A Dörben clan existed within the Mongol tribe in the 12th–13th centuries, but the Dörbets appear as an Oirat tribe only in the latter half of the 16th century. What their relation, if any, is to the Dörben clan of the 12th–13th centuries is unclear. The name probably means "döröv"; "four" (Middle Mongolian: dörbe).

In the 17th century, the leader of Dörbets was Dalai Taishi (d.1637). In order to unite the Oirats, Dalai Taishi used the method of marriage of convenience; Dalai Taishi and Khoshut leader Güshi Khan married the Torghut leader Kho Orluk sisters. During the Dalai Taishi period (circa 1625), the Oirat tribes lived in harmony.

In 1616, Dalai Taishi established diplomatic relations with the Tsardom of Russia. The next year Dalai Taishi's son Solom Tseren joined the Kalmyks on the Volga with 4,000 households.

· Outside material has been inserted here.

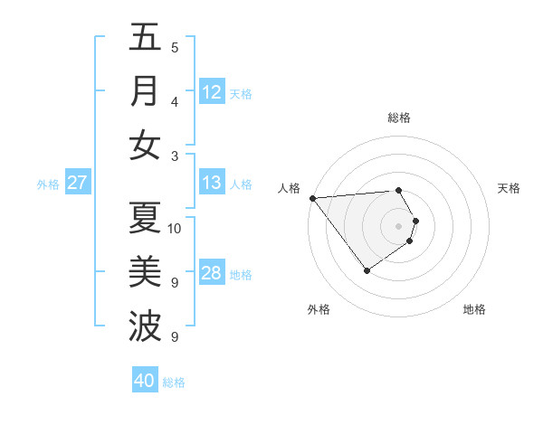 五月女 夏美波さんの総格は40画の2点!

In 1699 a body of the Dörbets joined the Don Cossacks, eventually becoming the Buzava Kalmyks. Trapped west of the Volga, the Do'rbets could not join the 1771 flight of the Torguds, and hence dominated the remaining Kalmyks. In the early 19th century, they had split into the Lesser Dörbets, living in northern Kalmykia and the Greater Dörbets, living around Lake Manych-Gudilo.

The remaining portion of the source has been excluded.